→ Information shown:
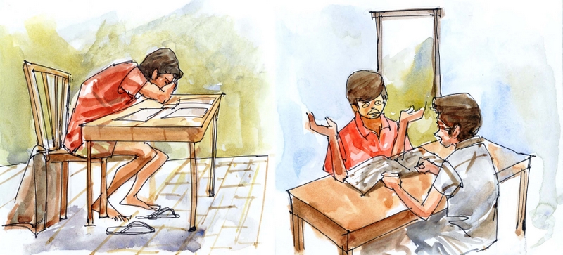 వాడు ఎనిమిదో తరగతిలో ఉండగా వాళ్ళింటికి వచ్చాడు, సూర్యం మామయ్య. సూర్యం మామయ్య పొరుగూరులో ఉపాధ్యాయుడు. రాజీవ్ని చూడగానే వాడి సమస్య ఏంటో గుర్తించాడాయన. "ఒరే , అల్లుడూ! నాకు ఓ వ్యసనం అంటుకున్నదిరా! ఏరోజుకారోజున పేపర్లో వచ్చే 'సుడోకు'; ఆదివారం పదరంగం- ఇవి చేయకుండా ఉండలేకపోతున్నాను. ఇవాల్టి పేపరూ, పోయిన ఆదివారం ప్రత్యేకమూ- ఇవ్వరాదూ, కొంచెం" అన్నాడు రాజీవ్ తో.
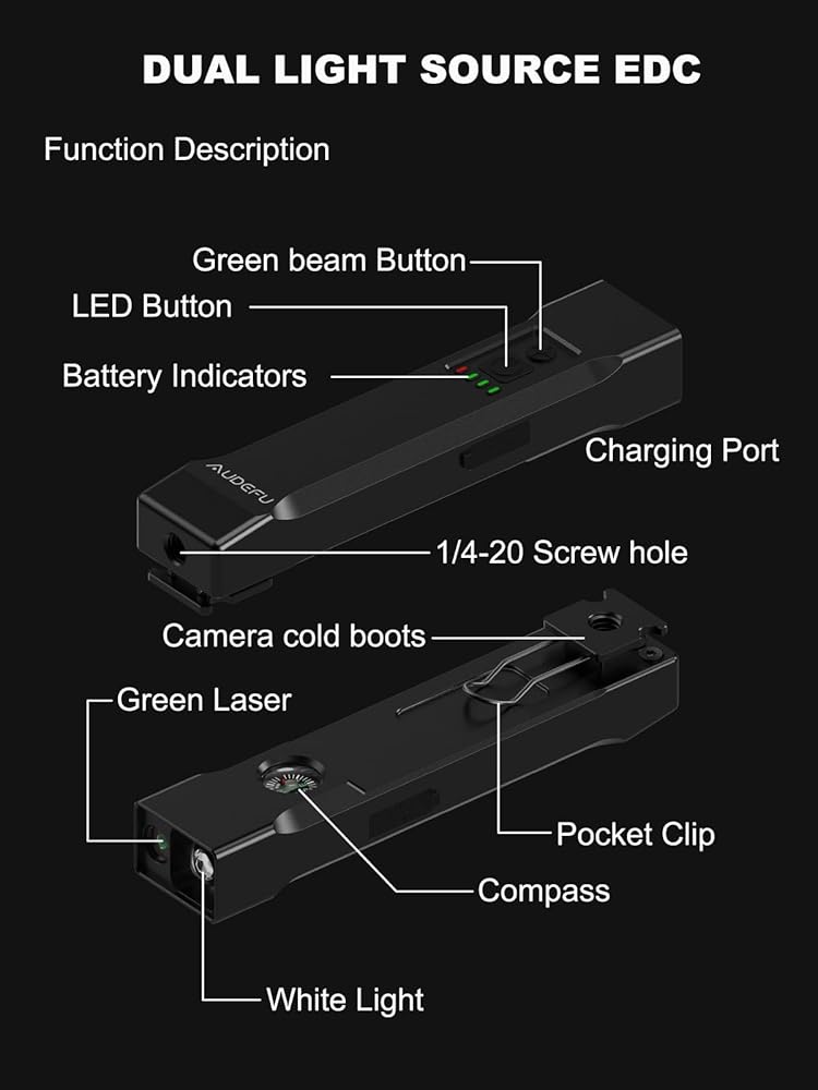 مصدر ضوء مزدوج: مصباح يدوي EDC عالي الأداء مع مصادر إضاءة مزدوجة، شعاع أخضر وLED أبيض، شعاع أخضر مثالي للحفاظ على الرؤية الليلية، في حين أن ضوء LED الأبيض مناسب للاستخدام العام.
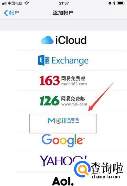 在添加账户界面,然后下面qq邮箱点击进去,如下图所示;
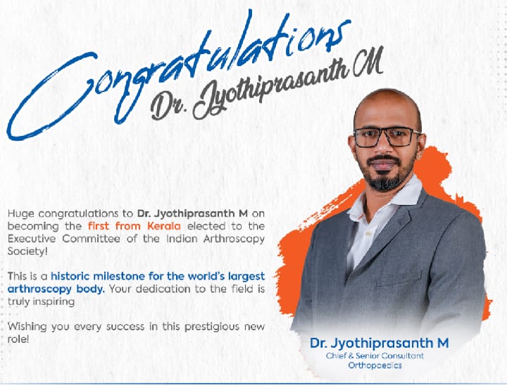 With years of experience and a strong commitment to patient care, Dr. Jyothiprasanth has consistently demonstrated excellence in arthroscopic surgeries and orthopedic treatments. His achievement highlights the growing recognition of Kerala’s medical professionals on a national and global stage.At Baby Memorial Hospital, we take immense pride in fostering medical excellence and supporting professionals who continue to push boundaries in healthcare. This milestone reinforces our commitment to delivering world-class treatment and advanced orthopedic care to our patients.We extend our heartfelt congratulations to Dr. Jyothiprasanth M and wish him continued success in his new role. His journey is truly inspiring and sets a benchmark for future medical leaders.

→ What this task involves:
Return the listing verbatim, pictures excluded.

→ Task output:
 వాడు ఎనిమిదో తరగతిలో ఉండగా వాళ్ళింటికి వచ్చాడు, సూర్యం మామయ్య. సూర్యం మామయ్య పొరుగూరులో ఉపాధ్యాయుడు. రాజీవ్ని చూడగానే వాడి సమస్య ఏంటో గుర్తించాడాయన. "ఒరే , అల్లుడూ! నాకు ఓ వ్యసనం అంటుకున్నదిరా! ఏరోజుకారోజున పేపర్లో వచ్చే 'సుడోకు'; ఆదివారం పదరంగం- ఇవి చేయకుండా ఉండలేకపోతున్నాను. ఇవాల్టి పేపరూ, పోయిన ఆదివారం ప్రత్యేకమూ- ఇవ్వరాదూ, కొంచెం" అన్నాడు రాజీవ్ తో.
 مصدر ضوء مزدوج: مصباح يدوي EDC عالي الأداء مع مصادر إضاءة مزدوجة، شعاع أخضر وLED أبيض، شعاع أخضر مثالي للحفاظ على الرؤية الليلية، في حين أن ضوء LED الأبيض مناسب للاستخدام العام.
 在添加账户界面,然后下面qq邮箱点击进去,如下图所示;
 With years of experience and a strong commitment to patient care, Dr. Jyothiprasanth has consistently demonstrated excellence in arthroscopic surgeries and orthopedic treatments. His achievement highlights the growing recognition of Kerala’s medical professionals on a national and global stage.At Baby Memorial Hospital, we take immense pride in fostering medical excellence and supporting professionals who continue to push boundaries in healthcare. This milestone reinforces our commitment to delivering world-class treatment and advanced orthopedic care to our patients.We extend our heartfelt congratulations to Dr. Jyothiprasanth M and wish him continued success in his new role. His journey is truly inspiring and sets a benchmark for future medical leaders.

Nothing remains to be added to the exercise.